# Coke vs Pepsi



## x-man (Aug 1, 2007)

C & C welcome!


----------



## Cero21 (Aug 1, 2007)

I love the setup and the idea.  Somehow to me everything looks a little dark though.


----------



## eravedesigns (Aug 1, 2007)

lmao thats awesome but ya it took me long to take in the whole image because it was dark enough to the point where i had to scan each can to see if it was pepsi or coke...maybe play with levels a bit more but the idea is fantastic.


----------



## loopy (Aug 1, 2007)

ha take that pepsi. Nice shot.


----------



## DSLR noob (Aug 2, 2007)

As a native to Atlanta GA (we invented coke) I am happy to see the outcome of this photo.


----------



## x-man (Aug 11, 2007)

Thank your all your comment!


----------



## lifeafter2am (Aug 11, 2007)

Very creative, I like it!  Coke can only with with Sprite's backup!


----------



## The Phototron (Aug 12, 2007)

Simply ingenious, but yeah work on the lighting, with that clear it'll be a master piece.


----------



## chrisb2794 (Aug 22, 2007)

Shoot one of the cans with a .22 or something smaller for more effect. Lighting too.


----------



## NikonD40x@Denver (Aug 22, 2007)

How about The "Coke" After Party


----------



## dakkon76 (Aug 25, 2007)

LMAO!! Nice shot from the Coke afterparty!!
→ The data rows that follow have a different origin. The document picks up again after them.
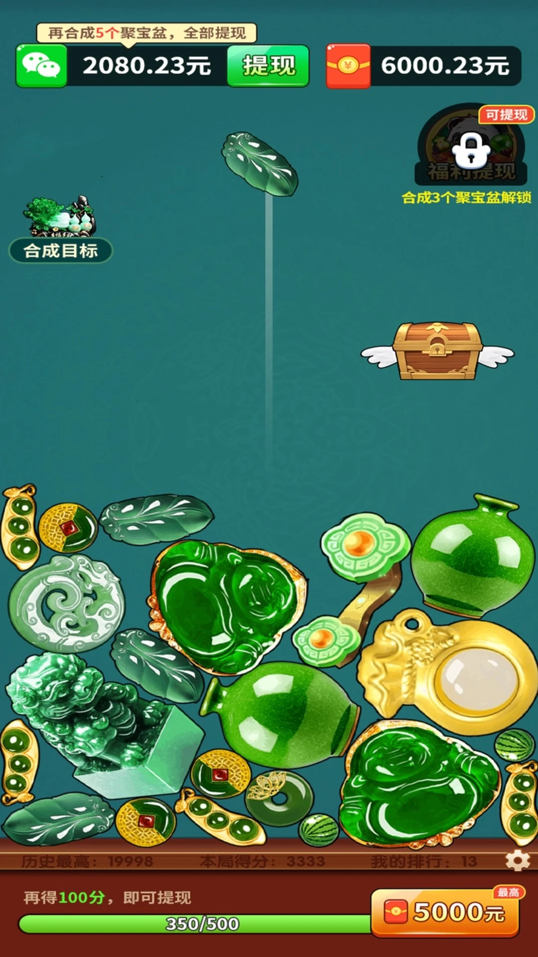 1. 合成各类不同的财宝,可获得对应的不同积分,当积分累积到指定要求时,就能领取大额红包奖励。
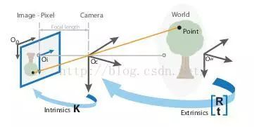 在opencv的3D重建中(opencv中文網(wǎng)站中:照相機(jī)定標(biāo)與三維場(chǎng)景重建),對(duì)攝像機(jī)的內(nèi)參外參有講解:
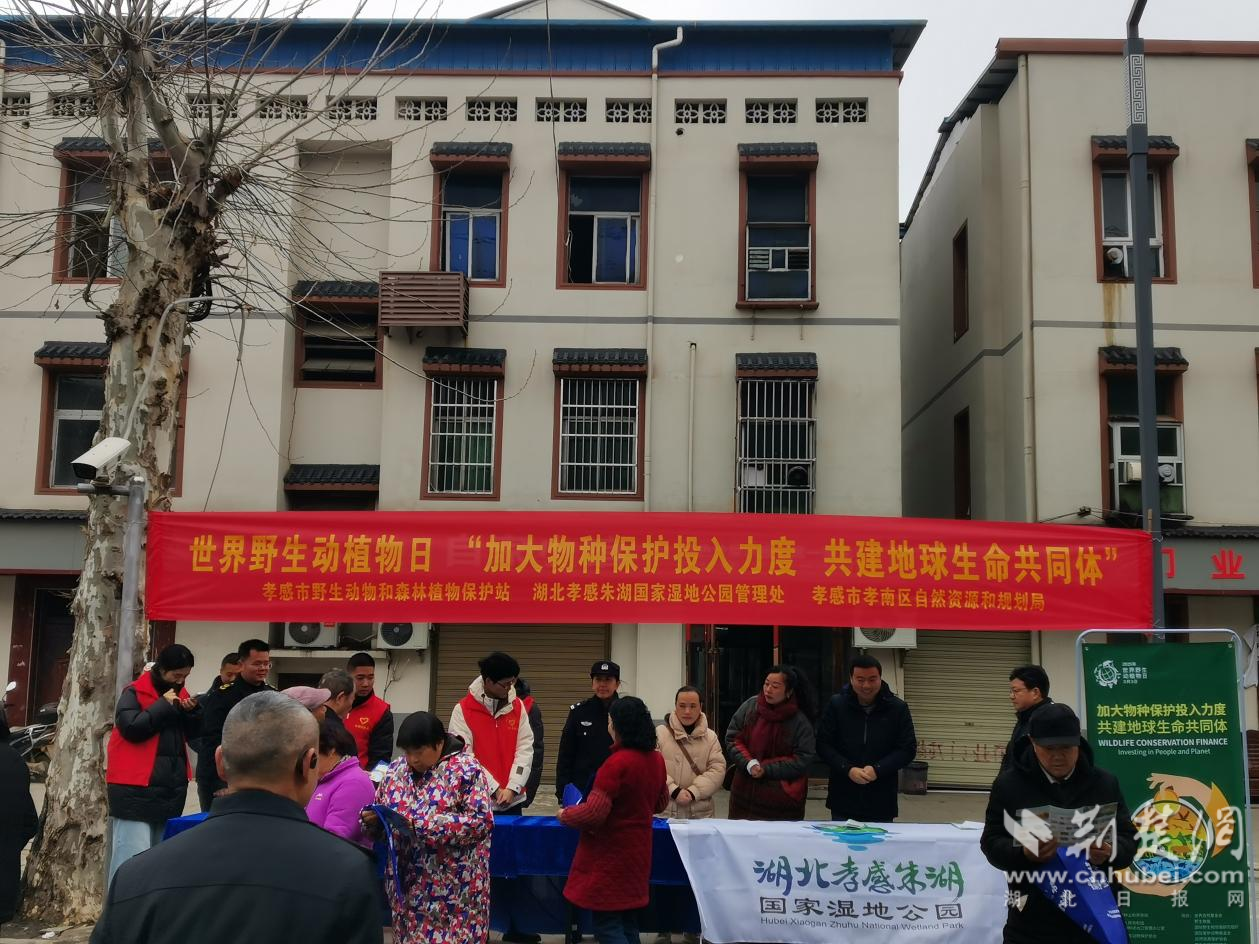 荊楚網(wǎng)(湖北日?qǐng)?bào)網(wǎng))訊(通訊員 陳張川琦)3月4日上午,孝南區(qū)自然資源和規(guī)劃局聯(lián)合市野生動(dòng)物和森林植物保護(hù)站、朱湖國(guó)家濕地公園,以“加大物種保護(hù)投入力度,共建地球生命共同體”為主題,在朱湖集貿(mào)市場(chǎng)集中開(kāi)展了2025年“世界野生動(dòng)植物日”宣傳活動(dòng),動(dòng)員社會(huì)各界共同參與到野生動(dòng)植物保護(hù)事業(yè)中來(lái)。
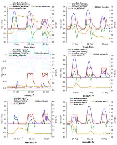 During the three winter days illustrated, as the electrical production depends directly on the solar radiation, the electrical production in Koua is clearly higher than in France, especially in comparison with Longwy (up to 0.81 kW in Koua, about 0.4 kW at Marseille and only about 0.2 kW at Longwy). Indeed, we observe, during these three days, there was no need to connect to the grid in Koua since the solar energy produced perfectly meets the demand with a battery SOC varying between 20% and 84%. In contrast, the battery in Longwy remains almost flat with only one peak not exceeding a SOC of 14% which is discharged immediately (see Figure 7, left). It is worth noting that during the day, the system stores the excess energy in the batteries and uses it at night and non-sunny periods.
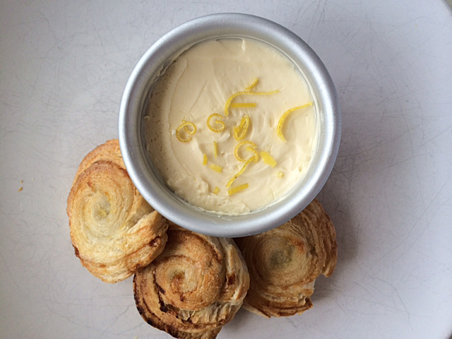On tonight’s Bake Off the technical challenge was a biscuit called an Arlette which involves making a sort of puff pastry from scratch. Whilst on holiday in Devon two weeks ago I saw a Rose Prince dessert in a newspaper magazine which I thought sounded easy to make and tasty. I thereby unwittingly made these very same biscuits. (Well, sort of, anyway). I had no idea they were called Arlettes; I thought they were more of a Palmier (shows how much I know). Of course I didn’t make my own puff pastry and I suspect Paul and Mary would have issues with my thickness (and not having any cinnamon in them) but nevertheless they were delicious and went beautifully with the gorgeous lemon mousse, so, with a small amount of alteration, here they are. (Serves 4 – 6 depending on the size of your ramekins).
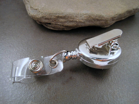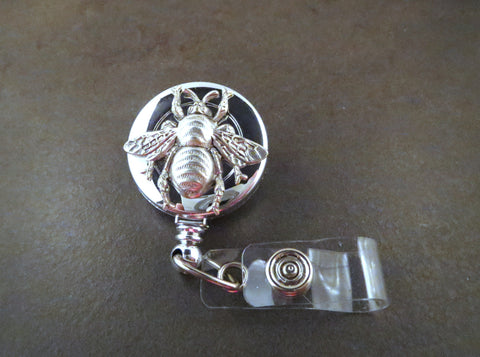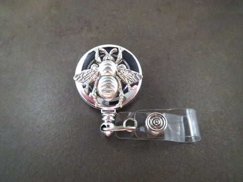 A handsome oxidized Sterling Silver Plated brass bee has been set in the middle of a silver retractable badge holder. The badge holder has a metal clip for fastening. Your badge holder will come in a velvet pouch for gifting and storage.
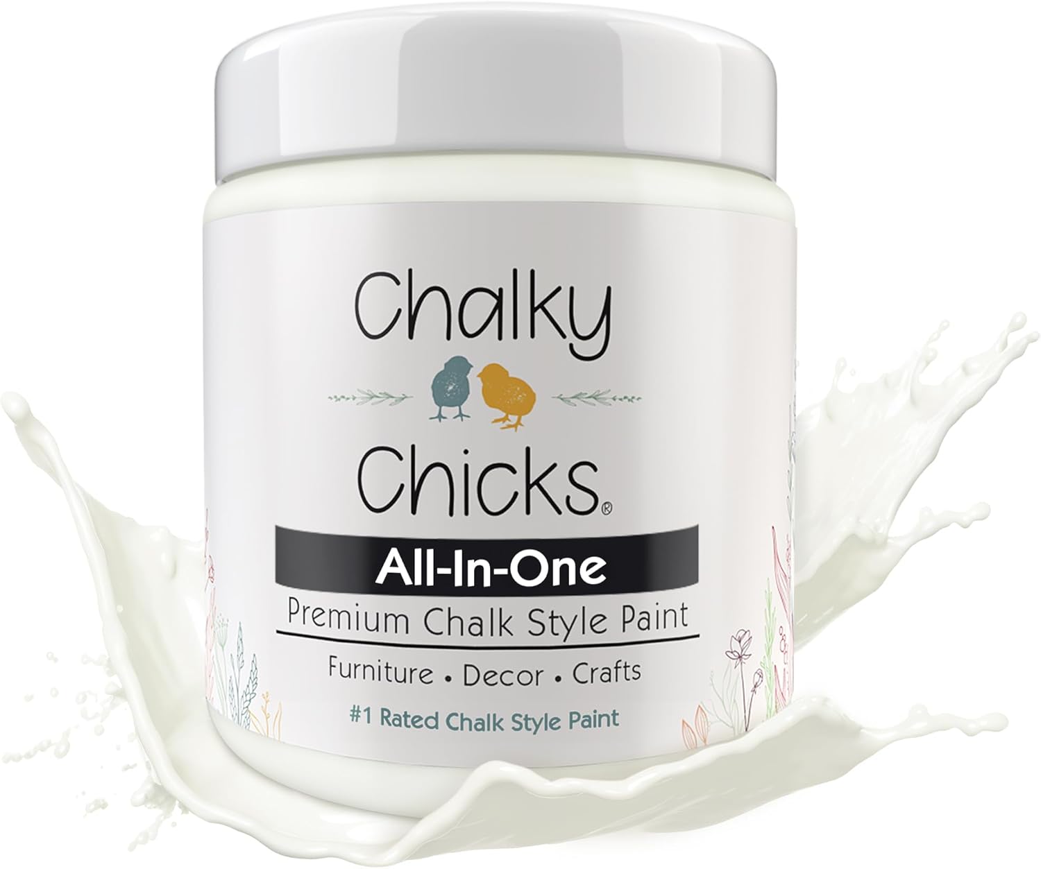 Chalky Chicks All-in-One Chalk Paint for Furniture or Cabinet - 4 Fl Oz - Matte Finish Buttermilk (White) for Metal, Wood Furniture Paint - No Sanding All-in-One for Home Decor & Crafts, USA Made
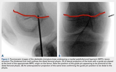 If a medial patellofemoral ligament (MPFL) reconstruction is considered in immature patients, careful consideration of the position of the MPFL in relation to the distal femoral physis is paramount. Shea and colleagues16 originally described the position of the MPFL, based on Schottle’s point17 on lateral radiographs, to be proximal to the distal femoral physis (Figure 2). However, due to the undulation of the physis, the lateral projection may falsely demonstrate Schottle’s point to be on or just proximal to the physis. Other researchers have evaluated the position of the distal femoral physis to be proximal to the origin of the MPFL by a range of 2.9 mm to 8.5 mm on AP radiograph and MRI, respectively.18,19 More recent cadaveric studies have demonstrated the origin of the MPFL in pediatric specimens in relation to the physis to be variable.20 Although we believe that a relative anatomic femoral position of the MPFL origin can be achieved without disrupting the physis using Schottle’s point, some have indicated concerns that this may produce a nonisometric position, which has not been our experience.21

Great idea there x-man  Those look like the old style cans with the pull tops that they haven't sold in the US since the 70's don't they?


----------



## x-man (Aug 27, 2007)

dakkon76 said:


> LMAO!! Nice shot from the Coke afterparty!!
> 
> Great idea there x-man  Those look like the old style cans with the pull tops that they haven't sold in the US since the 70's don't they?



Thank for your comment. This is old style cans. Still selling in asia.


----------